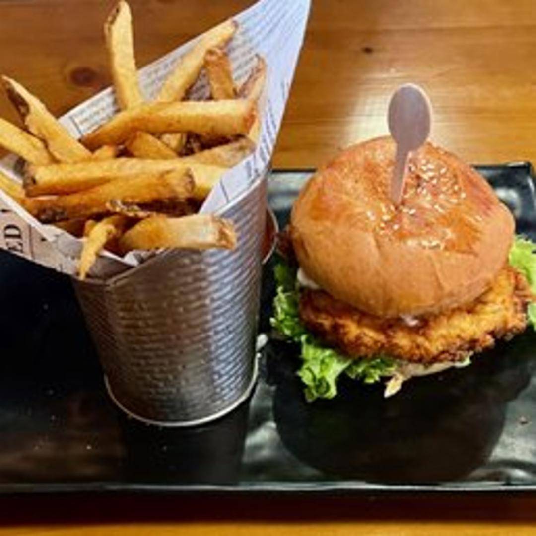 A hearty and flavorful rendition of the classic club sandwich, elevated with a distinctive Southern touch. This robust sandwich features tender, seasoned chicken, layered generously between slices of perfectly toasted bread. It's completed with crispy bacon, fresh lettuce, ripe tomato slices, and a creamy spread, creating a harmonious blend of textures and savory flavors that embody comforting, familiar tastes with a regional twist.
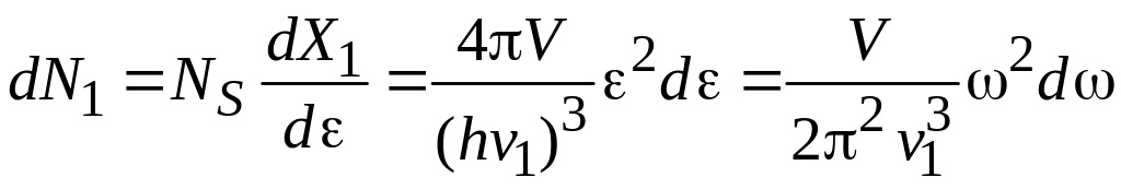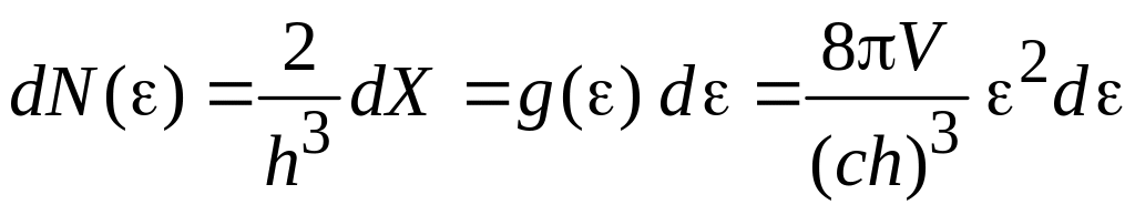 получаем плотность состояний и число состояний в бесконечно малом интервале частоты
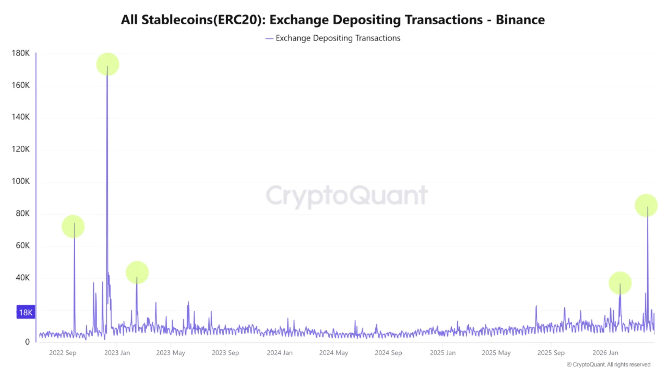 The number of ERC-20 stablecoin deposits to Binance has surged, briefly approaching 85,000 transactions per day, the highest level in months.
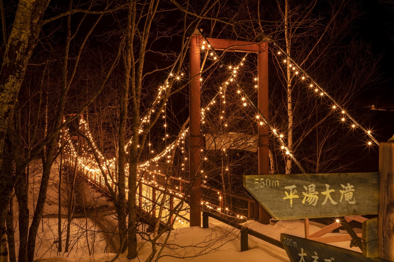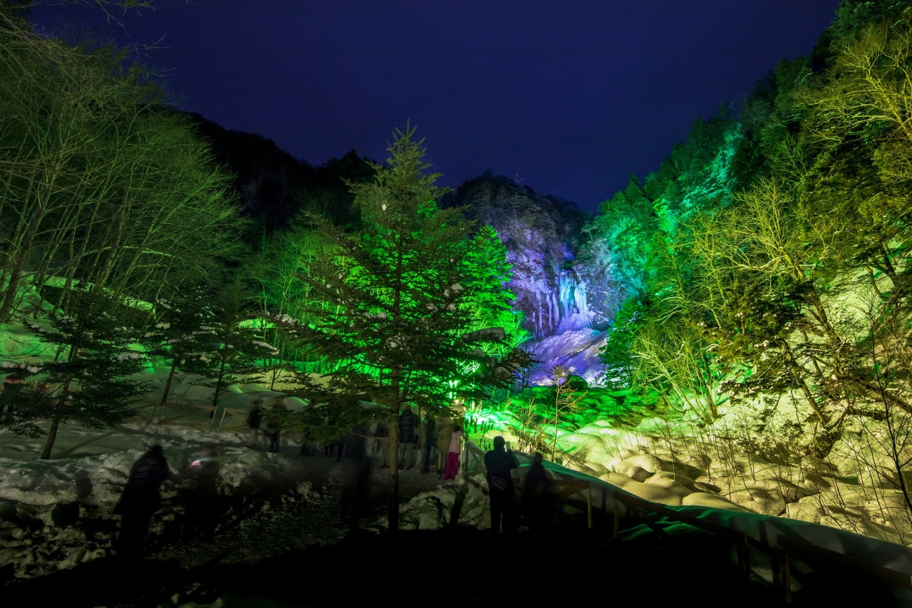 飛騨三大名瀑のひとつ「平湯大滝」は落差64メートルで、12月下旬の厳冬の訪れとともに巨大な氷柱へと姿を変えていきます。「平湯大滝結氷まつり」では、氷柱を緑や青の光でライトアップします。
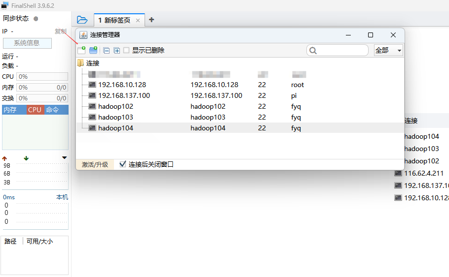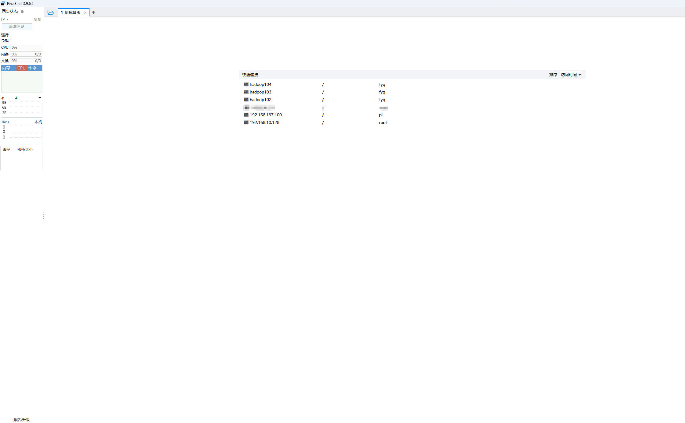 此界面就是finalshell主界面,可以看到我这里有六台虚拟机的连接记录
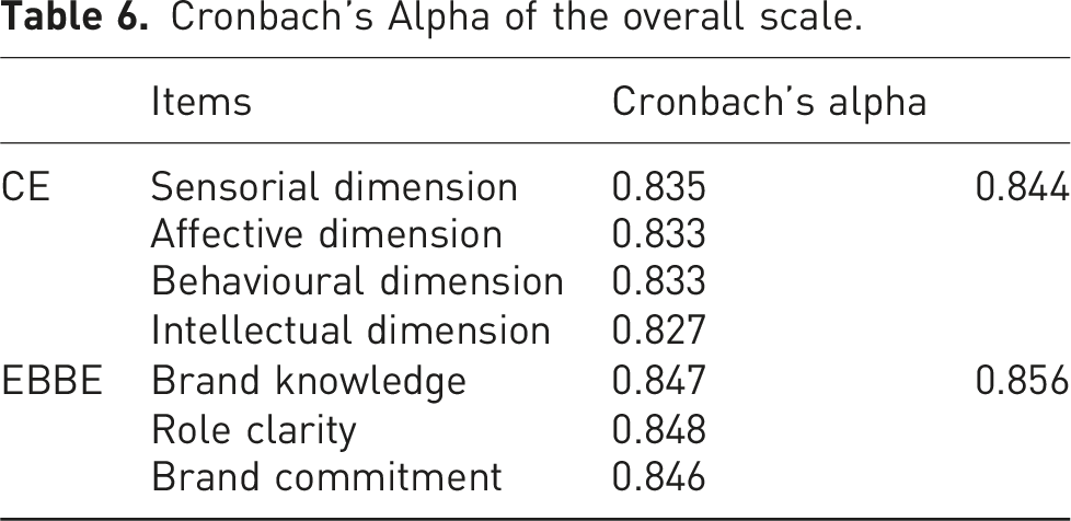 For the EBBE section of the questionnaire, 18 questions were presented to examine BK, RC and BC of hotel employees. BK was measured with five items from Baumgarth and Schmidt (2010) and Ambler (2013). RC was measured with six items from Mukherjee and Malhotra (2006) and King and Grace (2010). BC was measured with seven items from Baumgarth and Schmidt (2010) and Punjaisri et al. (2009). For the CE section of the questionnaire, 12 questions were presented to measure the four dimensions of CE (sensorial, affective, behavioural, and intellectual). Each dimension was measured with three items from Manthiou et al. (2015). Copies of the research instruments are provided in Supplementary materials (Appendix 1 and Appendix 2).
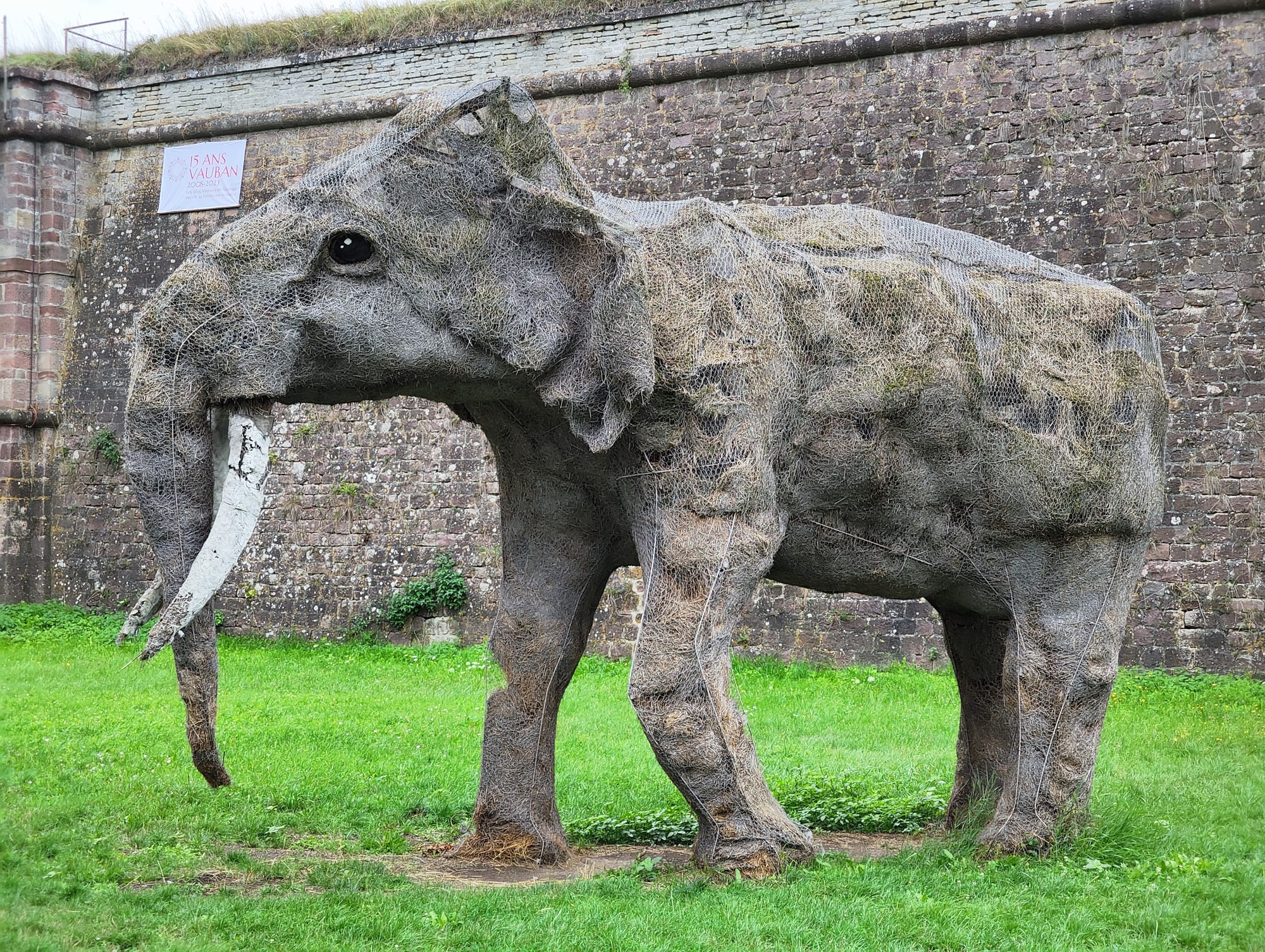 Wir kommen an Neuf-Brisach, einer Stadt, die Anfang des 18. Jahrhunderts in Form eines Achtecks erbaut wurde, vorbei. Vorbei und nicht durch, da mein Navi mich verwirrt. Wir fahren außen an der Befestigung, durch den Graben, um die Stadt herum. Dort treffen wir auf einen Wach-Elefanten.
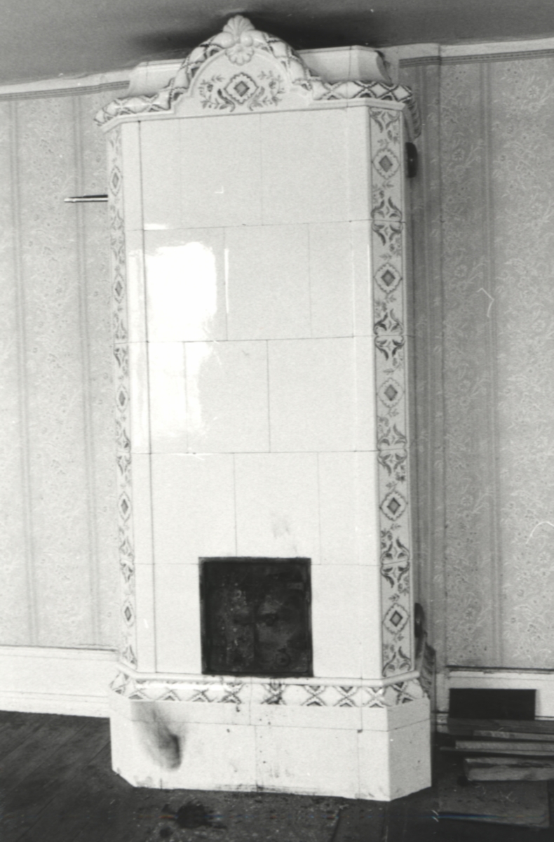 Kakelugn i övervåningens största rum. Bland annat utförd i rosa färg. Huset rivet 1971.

****************

◆ **What you have to do**: The pictures are not part of the copy. Retype everything else in the entries exactly.

◆ **Expected answer**:
 A hearty and flavorful rendition of the classic club sandwich, elevated with a distinctive Southern touch. This robust sandwich features tender, seasoned chicken, layered generously between slices of perfectly toasted bread. It's completed with crispy bacon, fresh lettuce, ripe tomato slices, and a creamy spread, creating a harmonious blend of textures and savory flavors that embody comforting, familiar tastes with a regional twist.
 получаем плотность состояний и число состояний в бесконечно малом интервале частоты
 The number of ERC-20 stablecoin deposits to Binance has surged, briefly approaching 85,000 transactions per day, the highest level in months.
 飛騨三大名瀑のひとつ「平湯大滝」は落差64メートルで、12月下旬の厳冬の訪れとともに巨大な氷柱へと姿を変えていきます。「平湯大滝結氷まつり」では、氷柱を緑や青の光でライトアップします。
 此界面就是finalshell主界面,可以看到我这里有六台虚拟机的连接记录
 For the EBBE section of the questionnaire, 18 questions were presented to examine BK, RC and BC of hotel employees. BK was measured with five items from Baumgarth and Schmidt (2010) and Ambler (2013). RC was measured with six items from Mukherjee and Malhotra (2006) and King and Grace (2010). BC was measured with seven items from Baumgarth and Schmidt (2010) and Punjaisri et al. (2009). For the CE section of the questionnaire, 12 questions were presented to measure the four dimensions of CE (sensorial, affective, behavioural, and intellectual). Each dimension was measured with three items from Manthiou et al. (2015). Copies of the research instruments are provided in Supplementary materials (Appendix 1 and Appendix 2).
 Wir kommen an Neuf-Brisach, einer Stadt, die Anfang des 18. Jahrhunderts in Form eines Achtecks erbaut wurde, vorbei. Vorbei und nicht durch, da mein Navi mich verwirrt. Wir fahren außen an der Befestigung, durch den Graben, um die Stadt herum. Dort treffen wir auf einen Wach-Elefanten.
 Kakelugn i övervåningens största rum. Bland annat utförd i rosa färg. Huset rivet 1971.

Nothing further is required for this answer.